Monitoring tools were added after large failures in Twitter’s service. It would have been wise to have these tools prior to a failure. The time taken adding tools could be spent finding the errors. None the less, it is never too late to add low-consumption monitoring tools during deployment and high-clarity monitoring tools during testing. Additionally, developers appreciate technical specifications to errors. Ruby on Rails’ developers seem particularly interested in the incidences at Twitter. Twitter’s success or failure is a reflection on the scalability of Ruby on Rails for some.

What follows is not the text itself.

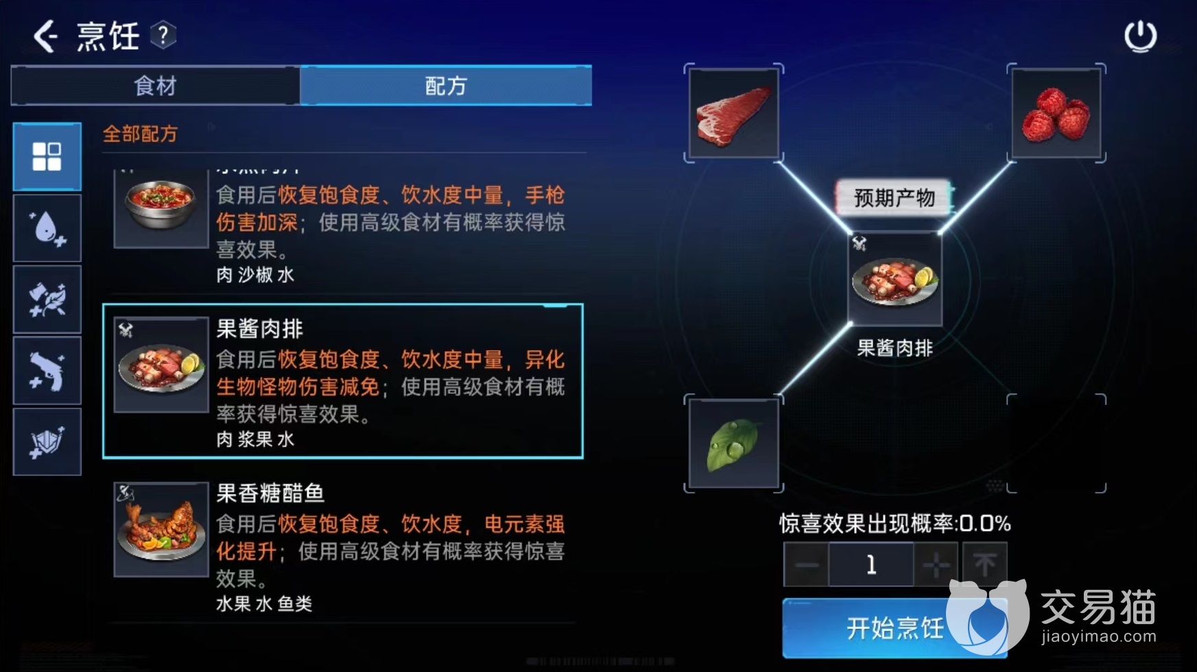 果酱是非常甜的甜食,而肉排又是深受大家喜欢的肉食,两者放到一起所生成食物自然非常美味,在星球重启中就为大家提供了制作方式,今天就一起来看下星球重启果酱肉排怎么做。这是一股能够提供三种不同效果的精致烹饪料理,如果使用的是高级食材,还有概率获得惊喜效果,在制作时需要哪些原材料,一起看吧。

Occasionally, developers will muse about the aspects of the design. The blogging community requires constant and instant gratification. Therefore, prolonged instances of failure should be prompted with in depth explanations of the errors involved, as well as, details of why the problem has not been corrected or is reoccurring. This can be frequent during unanticipated needs for scale. It is not easy to instantly scale out existing hardware and rebuild software to handle increased distribution. In fact, original design of Twitter was not originally modeled as a messaging service as explained by Alex Payne.
If Twitter does not grow, then someone else will.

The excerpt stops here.